Qāla ʿĀrim fī ḥadīthihī : faqāla baʿḍuhum li-baʿḍ : laqad uʿṭiya hādhā al-ʿabdu khayran aw kamā qālū. Inna ʿaynayhi nāʾimatān aw qālū ʿaynayhi aw kamā qālū, wa-qalbuhu yaqẓān. Thumma qāla : qāla ʿĀrim wa-ʿAffān : qāla baʿḍuhum li-baʿḍ : halummū falnaḍrib lahu mathalan aw kamā qālū. Qāla baʿḍuhum li-baʿḍ : iḍribū lahu mathalan wa-nuʾawwilu naḥnu aw naḍribu naḥnu wa-tuʾawwilu antum. Faqāla baʿḍuhum li-baʿḍ : mathaluhu ka-mathali sayyidin ibtanā bunyānan ḥaṣīnan thumma arsala ilā an-nās bi-ṭaʿāmin aw kamā qāl, fa-man lam yaʾti ṭaʿāmahu aw qāl lam yattabiʿhu ʿadhdhabahu ʿadhāban shadīdan aw kamā qālū. Qāla al-ākharūn : ammā as-sayyidu fahuwa Rabbu al-ʿālamīn, wa-ammā al-bunyānu fahuwa al-Islām, wa-aṭ-ṭaʿāmu al-Jannah, wa-huwa ad-dāʿī ; fa-man ittabaʿahu kāna fī al-Jannah. Qāla ʿĀrim fī ḥadīthihī aw kamā qāl : wa-man lam yattabiʿhu ʿuḏḏhiba aw kamā qāl. Thumma inna Rasūla Llāhi ﷺ istayqaẓa faqāla : mā raʾayta yā Ibn Ummi ʿAbd ? Qāla : ʿinda Llāh raʾaytu kadhā wa-kadhā. Faqāla Nabiyyu Llāhi ﷺ : mā khufiya ʿalayya mimmā qālū shayʾ. Qāla Nabiyyu Llāhi ﷺ : hum nafarun mina al-malāʾikah aw qāla hum mina al-malāʾikah aw kamā shāʾa Llāh.
Translation :
ʿAbdullāh ibn Mas’ud said : The Messenger of God ﷺ sent me. He said : “We set out until I reached such-and-such a place. He drew a line for me and said, ‘Remain between these two sides and do not leave it. If you leave it, you will perish.’”

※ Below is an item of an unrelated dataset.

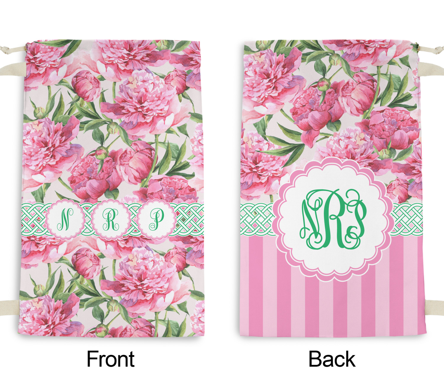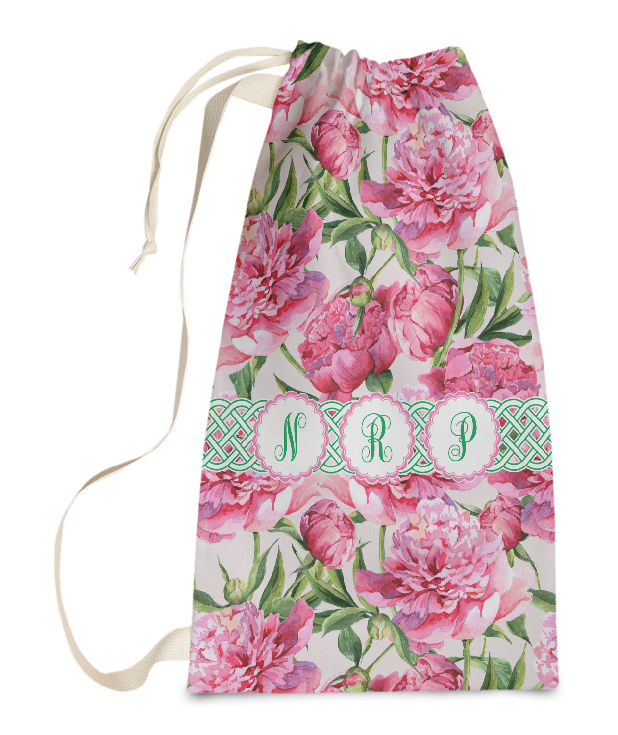 Carry your laundry in style with these customized laundry bags. Available in two sizes, featuring a natural colored woven strap and a cinch cord, these bags hold a lot of clothes or anything else you want to fit in them.

He said : So I stayed within it. Then the Messenger of God ﷺ went a short distance — or farther away, or as he said. Then he mentioned beings like hanīn, as though they were the Zuṭṭ. ʿAffān said — or as ʿAffān said, God willing — that they had no clothes, and I did not see their private parts ; they were tall and lean, with little flesh. They came and began to yarkabūn the Messenger of God ﷺ. The Prophet of God ﷺ began reciting to them.
They came to me, making it seem to me — or leaning around me — and obstructing me. ʿAbdullāh said : I was struck with intense fear of them. So I sat— or as he said. When the pillar of dawn split, they began to depart — or as he said. Then the Messenger of God ﷺ returned heavy and aching, or nearly aching, from what they had mounted upon him. He said : “I feel heavy,” or as he said. The Messenger of God ﷺ placed his head in my lap — or as he said.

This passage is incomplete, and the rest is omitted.